About the disputed projects:

  • Kishanganga Hydroelectric Project:
    • The Kishanganga Hydroelectric Project is a run-of-the-river hydroelectric scheme in Kashmir, India.
    • Its dam diverts water from the Kishanganga River (also called the Neelum River) to a power plant in the Jhelum River basin.
    • Construction on the project began in 2007.Pakistan objected to the project arguing that it will affect the flow of the Kishanganga River.
    • The Kishenganga was constructed after the Permanent Court of Arbitration in The Hague ruled in India’s favour. But Pakistan continues to object to it.
  • Ratle Hydroelectric Project:
    • It is a run-of-the-river hydroelectric power station on the Chenab River, Kishtwar district of the Indian Union Territory of Jammu and Kashmir.
    • In June 2013, the then Indian Prime Minister laid the foundation stone for the dam.
    • Pakistan has frequently alleged that it violates the Indus Water Treaty, 1960.

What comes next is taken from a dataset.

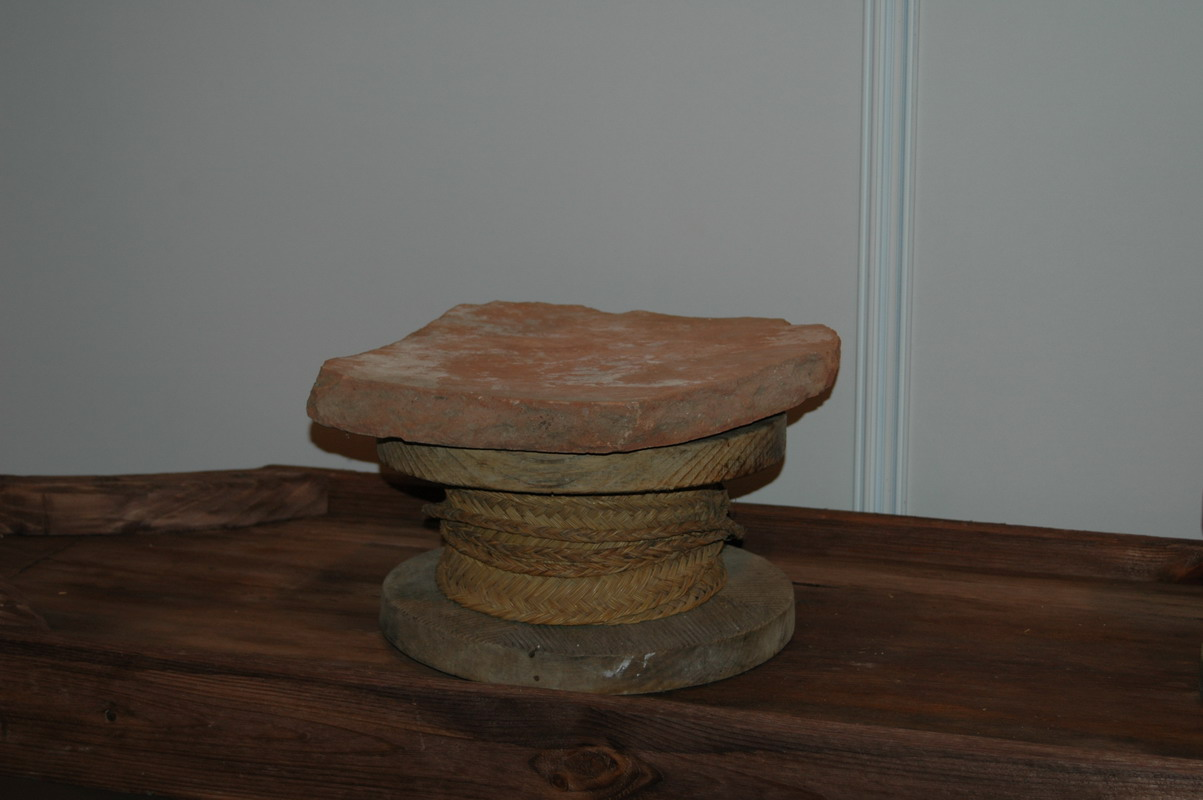 Traditional making of Manchego cheese (?here pressing of the cheese?)

  • The IWT is the only agreement between India and Pakistan that has stood the test of time, through wars and terrorism.
  • Underlying the treaty is the principle that water does not recognise international boundaries and upper riparians have a responsibility to lower riparians.
  • While the treaty does provide for modification “from time to time”, it has to do so by means of “a duly ratified treaty concluded for that purpose between the two Governments”.
  • In 2021, a parliamentary committee had asked for a renegotiation of the IWT, given present day exigencies such as the impact of climate change on water availability in the Indus basin.
  • Given the record though, it is questionable if the two countries today have the political will and the inclination to arrive at an agreement to replace the IWT for the sharing of the waters.
  • More likely, the issue will fester and grow into another active pressure point in India-Pakistan relations.
  • This conclusion is inescapable given how already, on the Pakistani side, accusations are made with increasing frequency that India has “turned off the water”, and on this side, the view is growing that India has been too generous in the IWT.

Way Forward:

  • Using water as a weapon is never a good idea. It would be so much better for both countries to treat the IWT as an instrument for collaboration on climate action in the fragile Himalayan region.